Power Doppler ultrasound and contrast-enhanced ultrasound have been pivotal in assessing the vascular response to anti-vascular therapy in canine cancer patients. The study aimed to evaluate the tumour perfusion following treatment with Combretastatin A4-phosphate (CA4P), an anti-vascular agent known for its efficacy in shutting down blood supply to tumours. The research enrolled eight dogs with spontaneous tumours and treated them with a single dose of intravenous CA4P.
The perfusion of tumours was monitored using power Doppler ultrasound (PDUS) before, during, and after CA4P infusion, while contrast-enhanced ultrasound (CEUS) evaluated central and peripheral perfusion pre-treatment and post-treatment. The study revealed a significant decrease in vascularity index (VI) within 10 minutes of CA4P infusion using PDUS. CEUS parameters also showed a significant decrease in blood velocity and volume in the central aspect of the tumour post-treatment.
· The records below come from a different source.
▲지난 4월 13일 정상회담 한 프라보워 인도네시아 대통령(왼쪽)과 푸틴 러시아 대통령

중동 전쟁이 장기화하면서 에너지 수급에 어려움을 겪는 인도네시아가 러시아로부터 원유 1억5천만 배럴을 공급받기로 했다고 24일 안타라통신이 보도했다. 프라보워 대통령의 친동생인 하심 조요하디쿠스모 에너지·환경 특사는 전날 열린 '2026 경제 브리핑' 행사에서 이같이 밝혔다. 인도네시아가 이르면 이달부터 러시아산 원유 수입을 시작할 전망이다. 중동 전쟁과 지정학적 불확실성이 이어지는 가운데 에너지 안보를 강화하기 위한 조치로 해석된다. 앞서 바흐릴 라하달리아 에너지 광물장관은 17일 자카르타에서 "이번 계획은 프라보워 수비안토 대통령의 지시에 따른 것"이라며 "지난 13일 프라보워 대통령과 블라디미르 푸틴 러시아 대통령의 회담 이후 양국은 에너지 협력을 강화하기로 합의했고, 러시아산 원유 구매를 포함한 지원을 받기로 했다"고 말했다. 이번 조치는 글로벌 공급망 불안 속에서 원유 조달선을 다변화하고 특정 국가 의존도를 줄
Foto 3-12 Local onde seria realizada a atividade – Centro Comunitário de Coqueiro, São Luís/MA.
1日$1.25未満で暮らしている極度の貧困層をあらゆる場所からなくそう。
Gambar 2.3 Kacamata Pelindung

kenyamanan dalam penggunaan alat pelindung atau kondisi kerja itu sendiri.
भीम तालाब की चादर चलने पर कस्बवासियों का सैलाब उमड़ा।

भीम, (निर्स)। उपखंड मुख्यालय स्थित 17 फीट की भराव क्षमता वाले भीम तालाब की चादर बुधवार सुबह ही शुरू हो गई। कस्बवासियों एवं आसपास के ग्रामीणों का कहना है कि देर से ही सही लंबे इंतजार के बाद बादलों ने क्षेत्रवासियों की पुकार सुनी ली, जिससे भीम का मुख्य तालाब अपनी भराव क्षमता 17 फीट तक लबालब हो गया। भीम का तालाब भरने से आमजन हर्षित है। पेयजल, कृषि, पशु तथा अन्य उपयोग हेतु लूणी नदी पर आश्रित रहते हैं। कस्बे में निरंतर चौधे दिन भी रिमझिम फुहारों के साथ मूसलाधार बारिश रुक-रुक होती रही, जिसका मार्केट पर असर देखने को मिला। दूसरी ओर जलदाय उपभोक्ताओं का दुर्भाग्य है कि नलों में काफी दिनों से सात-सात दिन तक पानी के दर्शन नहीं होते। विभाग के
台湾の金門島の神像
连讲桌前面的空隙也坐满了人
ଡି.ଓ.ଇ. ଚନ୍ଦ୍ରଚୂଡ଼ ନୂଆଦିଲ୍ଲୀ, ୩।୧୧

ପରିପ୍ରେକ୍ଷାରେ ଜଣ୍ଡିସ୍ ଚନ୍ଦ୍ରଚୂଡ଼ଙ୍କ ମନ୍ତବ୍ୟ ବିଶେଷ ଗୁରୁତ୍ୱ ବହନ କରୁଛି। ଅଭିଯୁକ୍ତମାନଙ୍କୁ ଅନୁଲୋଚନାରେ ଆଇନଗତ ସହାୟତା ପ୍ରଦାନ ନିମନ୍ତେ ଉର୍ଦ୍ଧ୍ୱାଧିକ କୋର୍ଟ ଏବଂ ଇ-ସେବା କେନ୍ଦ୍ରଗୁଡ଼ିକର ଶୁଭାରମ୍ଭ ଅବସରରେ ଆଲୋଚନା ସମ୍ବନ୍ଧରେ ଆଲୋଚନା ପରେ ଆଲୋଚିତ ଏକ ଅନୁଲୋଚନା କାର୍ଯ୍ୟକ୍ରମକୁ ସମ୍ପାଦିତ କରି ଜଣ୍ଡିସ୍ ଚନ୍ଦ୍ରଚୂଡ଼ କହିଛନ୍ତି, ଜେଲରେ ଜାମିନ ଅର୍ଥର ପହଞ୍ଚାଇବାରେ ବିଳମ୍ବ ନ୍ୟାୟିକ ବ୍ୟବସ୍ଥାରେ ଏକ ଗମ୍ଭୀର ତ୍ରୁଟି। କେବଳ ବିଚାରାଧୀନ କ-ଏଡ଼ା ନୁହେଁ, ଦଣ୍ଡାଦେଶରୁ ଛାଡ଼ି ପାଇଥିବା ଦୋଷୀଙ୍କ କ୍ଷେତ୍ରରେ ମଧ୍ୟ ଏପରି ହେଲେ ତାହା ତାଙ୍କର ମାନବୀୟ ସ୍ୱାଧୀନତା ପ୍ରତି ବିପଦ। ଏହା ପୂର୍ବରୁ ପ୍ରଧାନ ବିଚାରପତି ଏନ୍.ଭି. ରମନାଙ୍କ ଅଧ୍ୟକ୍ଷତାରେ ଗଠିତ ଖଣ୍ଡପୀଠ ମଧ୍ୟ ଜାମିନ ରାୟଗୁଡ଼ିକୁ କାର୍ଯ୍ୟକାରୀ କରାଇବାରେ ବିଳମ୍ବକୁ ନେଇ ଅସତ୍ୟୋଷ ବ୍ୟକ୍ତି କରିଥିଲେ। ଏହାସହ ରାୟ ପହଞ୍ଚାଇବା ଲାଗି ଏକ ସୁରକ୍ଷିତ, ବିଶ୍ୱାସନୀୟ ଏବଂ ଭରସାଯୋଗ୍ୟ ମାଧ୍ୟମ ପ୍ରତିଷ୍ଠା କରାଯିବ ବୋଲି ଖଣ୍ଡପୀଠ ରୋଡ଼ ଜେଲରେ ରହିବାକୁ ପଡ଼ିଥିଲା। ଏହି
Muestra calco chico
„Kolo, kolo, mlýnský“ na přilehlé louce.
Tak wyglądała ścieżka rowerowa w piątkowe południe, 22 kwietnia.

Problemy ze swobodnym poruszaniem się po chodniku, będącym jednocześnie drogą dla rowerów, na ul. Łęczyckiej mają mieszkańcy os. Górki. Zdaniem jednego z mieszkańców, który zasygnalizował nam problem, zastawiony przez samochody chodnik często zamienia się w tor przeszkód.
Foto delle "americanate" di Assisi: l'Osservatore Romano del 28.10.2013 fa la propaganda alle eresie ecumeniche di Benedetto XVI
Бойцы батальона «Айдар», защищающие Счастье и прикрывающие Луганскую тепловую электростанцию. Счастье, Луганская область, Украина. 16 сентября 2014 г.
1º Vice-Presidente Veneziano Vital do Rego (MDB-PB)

Histological analysis confirmed a reduction in microvessel density (MVD) and an increase in necrotic tumour tissue post-CA4P treatment. The correlation between PDUS results and immunohistochemical MVD evaluations was strong. CEUS findings further supported the efficacy of PDUS in monitoring tumour vascular response. The study highlighted the potential of ultrasound as a non-invasive tool for real-time monitoring of tumour vascular response to anti-vascular therapy, offering insights into early treatment efficacy.
Tumour vasculature plays a crucial role in the growth and spread of tumours, making it a promising target for anti-cancer therapies. CA4P, as a vascular disrupting agent, has shown promising results in preclinical trials. While immunohistochemical evaluation of MVD remains the gold standard for assessing anti-vascular therapy, non-invasive imaging techniques like PDUS and CEUS offer a valuable alternative for serial assessment of tumour perfusion. These modalities provide real-time insights into treatment response, potentially revolutionizing the monitoring of anti-vascular therapies in clinical settings.